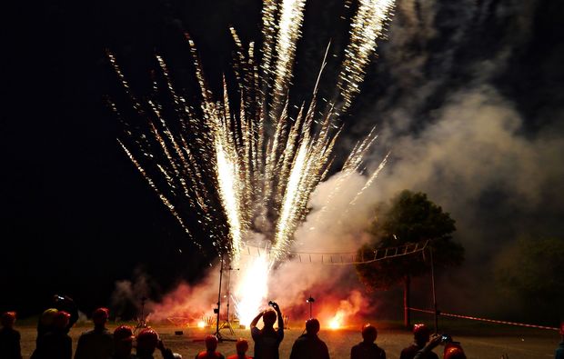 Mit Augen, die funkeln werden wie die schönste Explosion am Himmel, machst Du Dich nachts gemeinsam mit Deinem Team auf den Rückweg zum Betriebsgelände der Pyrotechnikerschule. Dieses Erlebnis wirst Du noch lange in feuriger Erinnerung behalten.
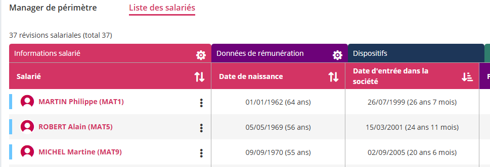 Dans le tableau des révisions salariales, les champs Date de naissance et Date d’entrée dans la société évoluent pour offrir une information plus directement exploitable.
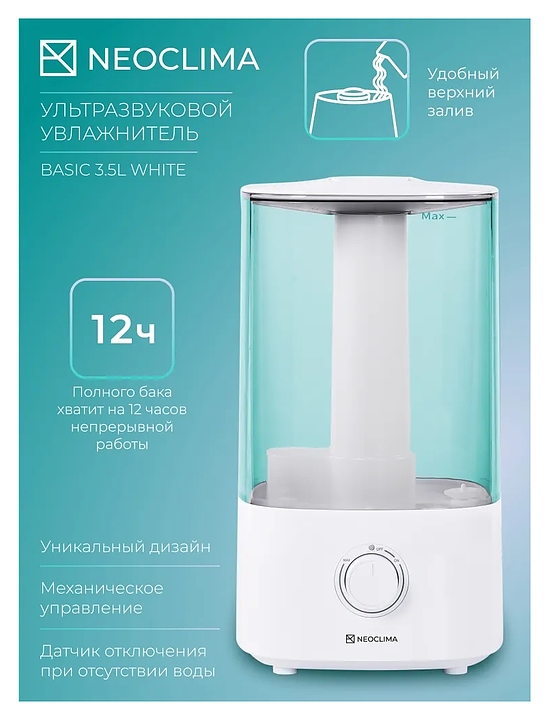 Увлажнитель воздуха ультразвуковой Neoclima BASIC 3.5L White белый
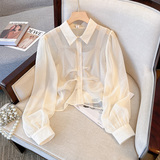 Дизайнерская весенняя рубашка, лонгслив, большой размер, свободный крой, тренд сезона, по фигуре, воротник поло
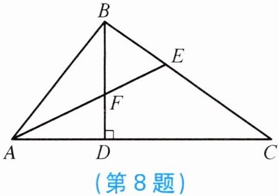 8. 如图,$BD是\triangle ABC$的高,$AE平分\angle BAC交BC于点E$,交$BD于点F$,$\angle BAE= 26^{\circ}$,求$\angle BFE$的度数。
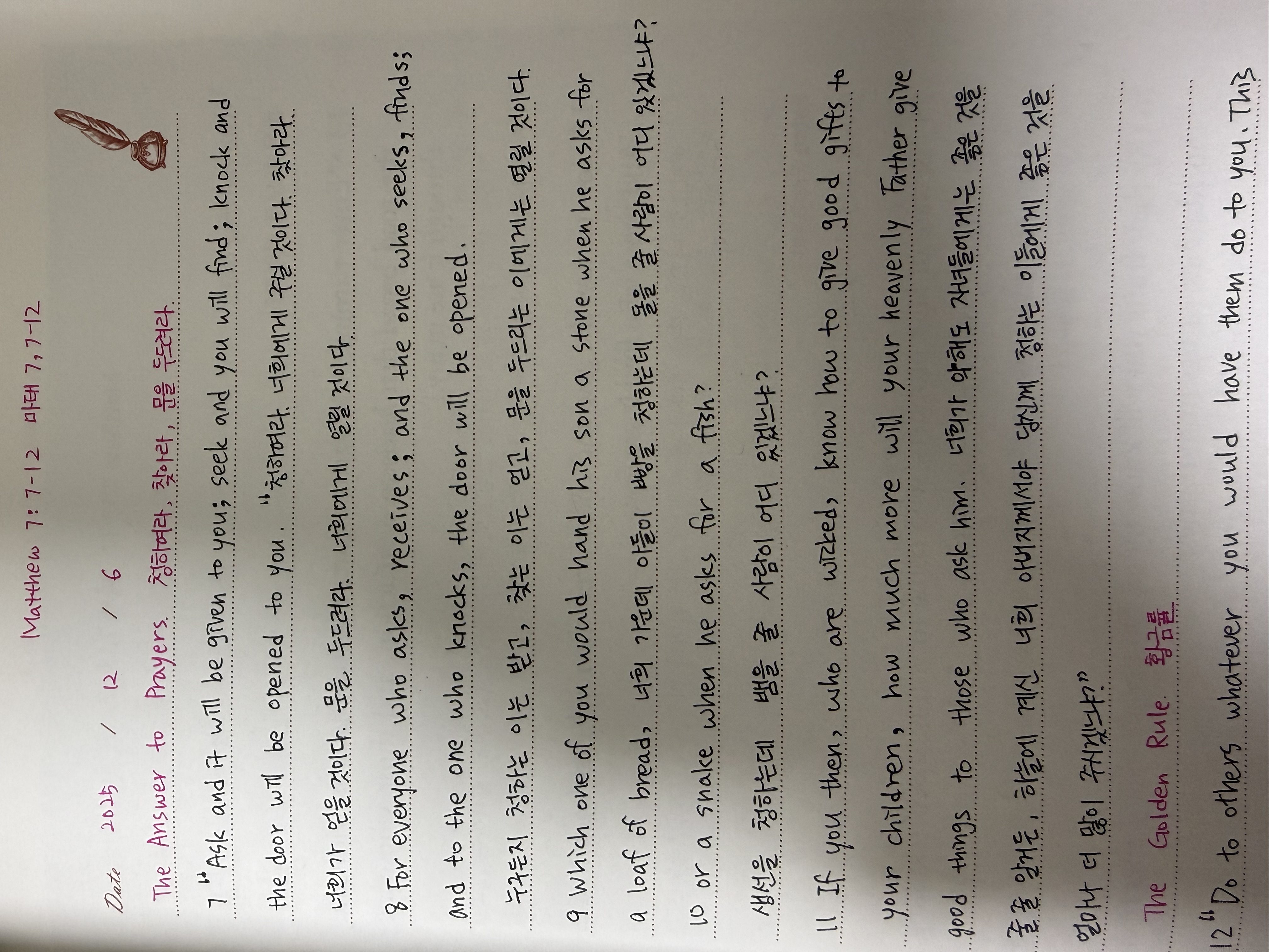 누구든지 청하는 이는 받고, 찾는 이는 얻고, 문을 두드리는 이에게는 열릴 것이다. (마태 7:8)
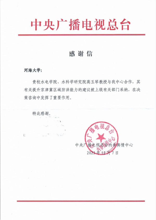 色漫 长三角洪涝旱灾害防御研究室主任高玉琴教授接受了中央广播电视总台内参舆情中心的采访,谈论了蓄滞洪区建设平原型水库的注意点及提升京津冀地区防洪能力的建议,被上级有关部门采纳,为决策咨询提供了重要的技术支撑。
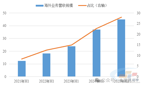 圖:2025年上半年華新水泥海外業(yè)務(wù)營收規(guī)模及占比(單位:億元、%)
· · · ·
▶ **Aim of the exercise**: Nothing but the lines from the first line of the records above to the line with "Dans le tableau", inclusive, should be transcribed exactly, and the pictures must be left out.

▶ **Reply**:
 Mit Augen, die funkeln werden wie die schönste Explosion am Himmel, machst Du Dich nachts gemeinsam mit Deinem Team auf den Rückweg zum Betriebsgelände der Pyrotechnikerschule. Dieses Erlebnis wirst Du noch lange in feuriger Erinnerung behalten.
 Dans le tableau des révisions salariales, les champs Date de naissance et Date d’entrée dans la société évoluent pour offrir une information plus directement exploitable.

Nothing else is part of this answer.